Data excerpt —
======

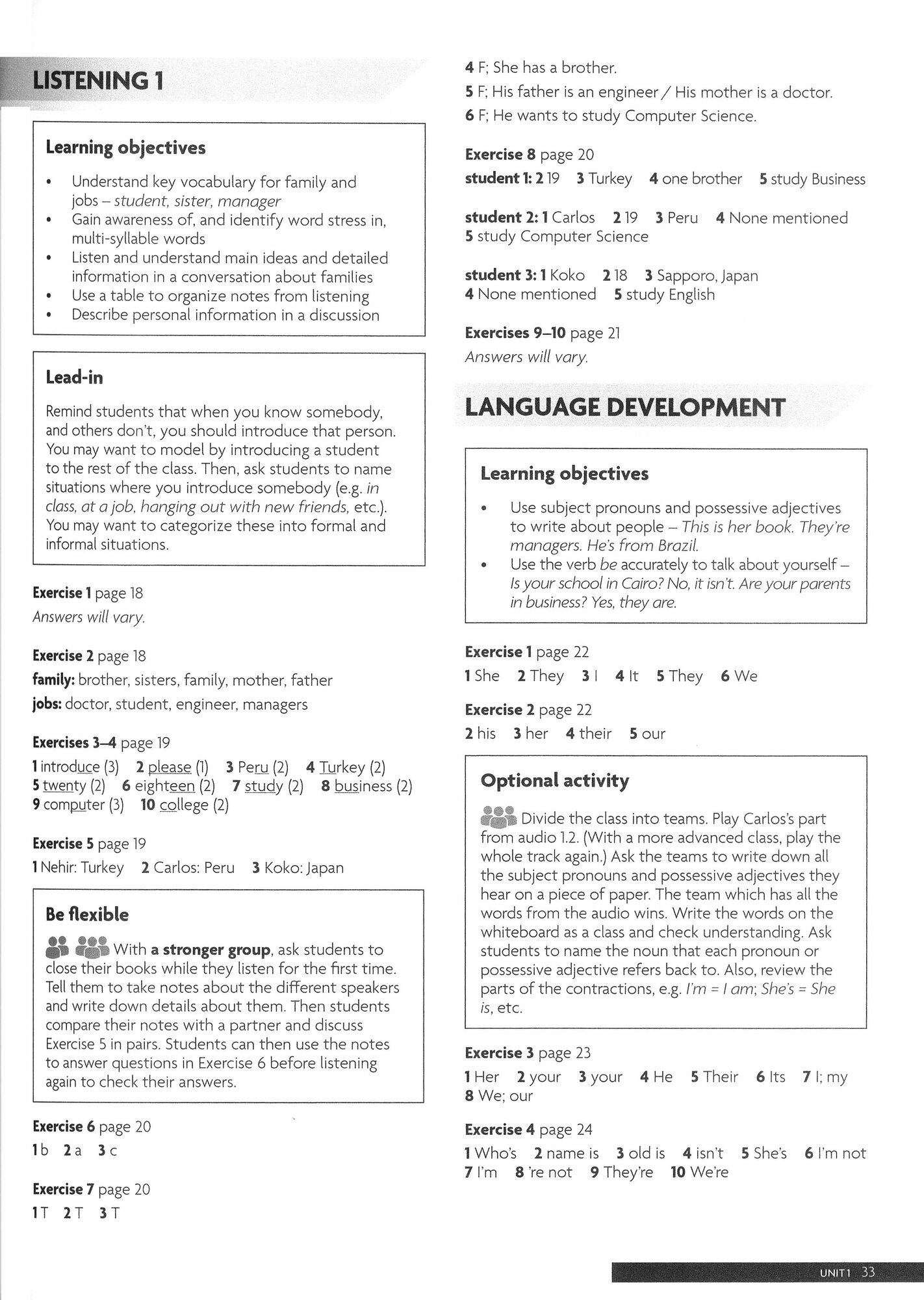 The Teacher's Manual and Development Pack conveniently provides answer keys, additional activities, teacher support and professional development in one single book. Your teaching is supported with flexible lesson plans and additional activities for the purposes of both extension and differentiation. Learning Objectives are provided for every lesson to ensure you and your students are clear on what you are achieving. Common Students Errors are highlighted to help you support your students. Teacher development material, developing critical thinking skills in your students, is available in every unit. Peer-to-peer teacher training material is downloadable from eSource.
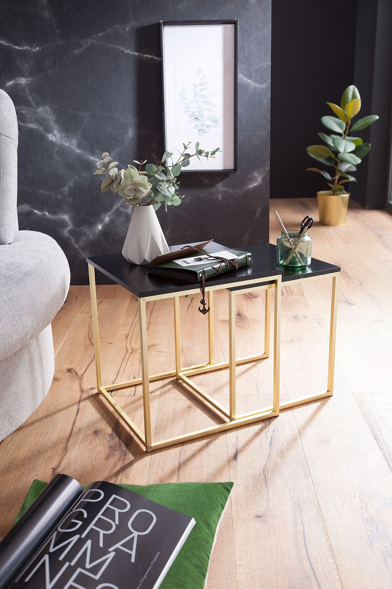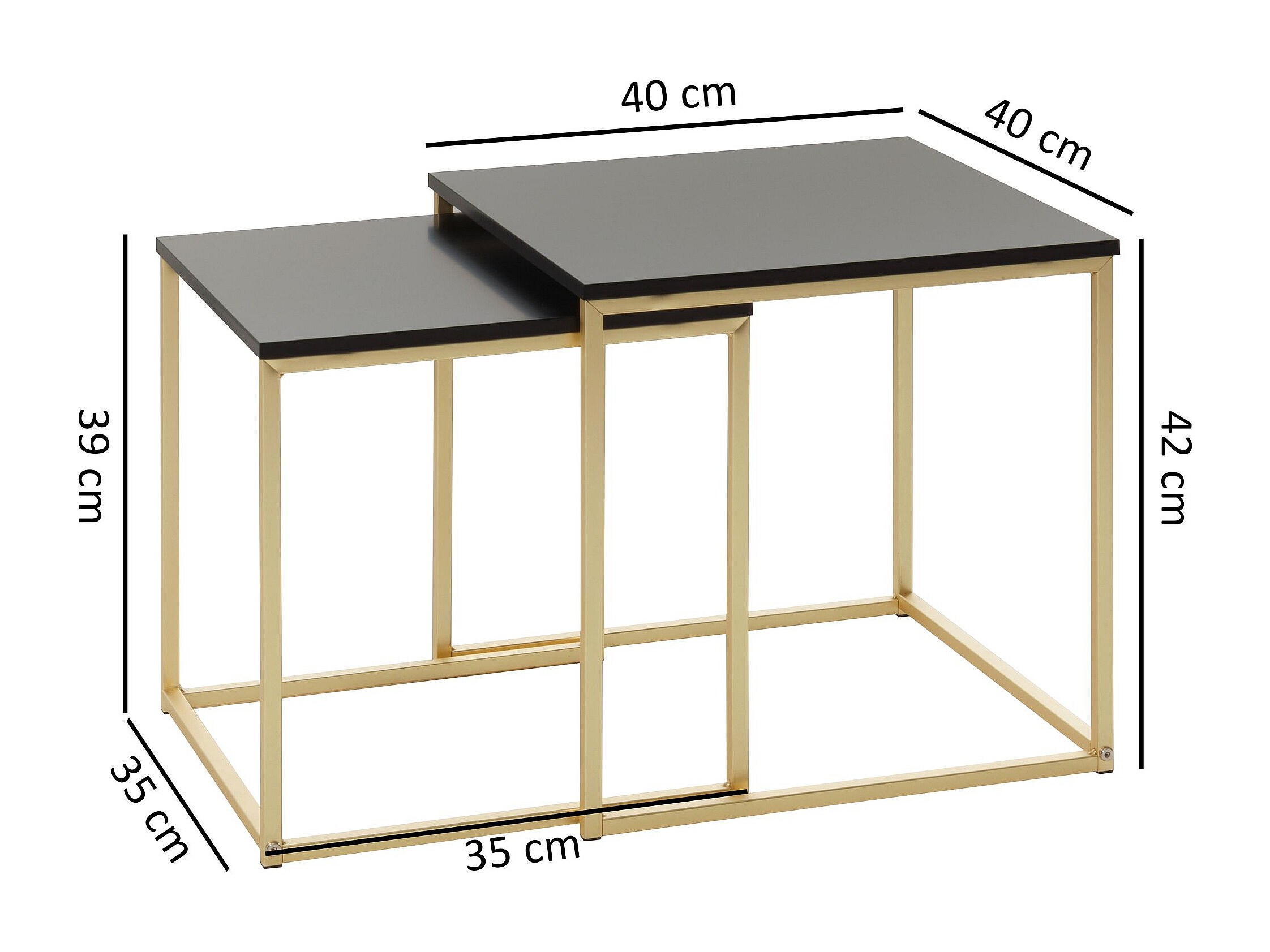CALA zwart / goud bijzettafel MDF / metaal | Salontafel set van 2 tafels | Kleine salontafel | Metalen tafel met houten plaat | Opbergtafel modern
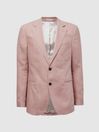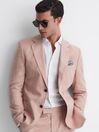 Give your suit collection a breezy update with the blush Kin, crafted from 100% linen for lightweight, comfortable wear. This blazer remains traditional with notch lapels and a three-pocket layout whilst the intricate stitch detailing and updated fabrication lend modernity. Style with the coordinating trousers then add a shirt and leather shoes for an effortlessly cool edit. 100% linen Single breasted Notch lapels Stitch detailing Three-pocket layout Two-button fastening Dual vents to reverse Lined The model is wearing a size 38. Measurements of model: 6ft 2'' / 188cm.
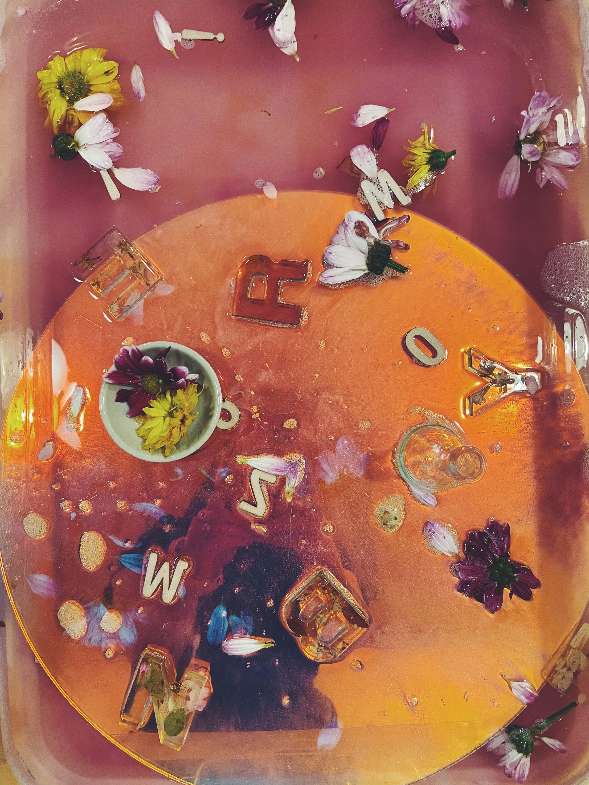 Around the room, I set up a few different stations: painting, a water sensory station, and a building area with salt dough, flowers, and even clementines. The simplicity of the materials really allows the children to lead—and they always come up with more than I could have imagined.

======

Problem requirements — Print the listing exactly, but skip its pictures.

Solution to this task —
 The Teacher's Manual and Development Pack conveniently provides answer keys, additional activities, teacher support and professional development in one single book. Your teaching is supported with flexible lesson plans and additional activities for the purposes of both extension and differentiation. Learning Objectives are provided for every lesson to ensure you and your students are clear on what you are achieving. Common Students Errors are highlighted to help you support your students. Teacher development material, developing critical thinking skills in your students, is available in every unit. Peer-to-peer teacher training material is downloadable from eSource.
CALA zwart / goud bijzettafel MDF / metaal | Salontafel set van 2 tafels | Kleine salontafel | Metalen tafel met houten plaat | Opbergtafel modern
 Give your suit collection a breezy update with the blush Kin, crafted from 100% linen for lightweight, comfortable wear. This blazer remains traditional with notch lapels and a three-pocket layout whilst the intricate stitch detailing and updated fabrication lend modernity. Style with the coordinating trousers then add a shirt and leather shoes for an effortlessly cool edit. 100% linen Single breasted Notch lapels Stitch detailing Three-pocket layout Two-button fastening Dual vents to reverse Lined The model is wearing a size 38. Measurements of model: 6ft 2'' / 188cm.
 Around the room, I set up a few different stations: painting, a water sensory station, and a building area with salt dough, flowers, and even clementines. The simplicity of the materials really allows the children to lead—and they always come up with more than I could have imagined.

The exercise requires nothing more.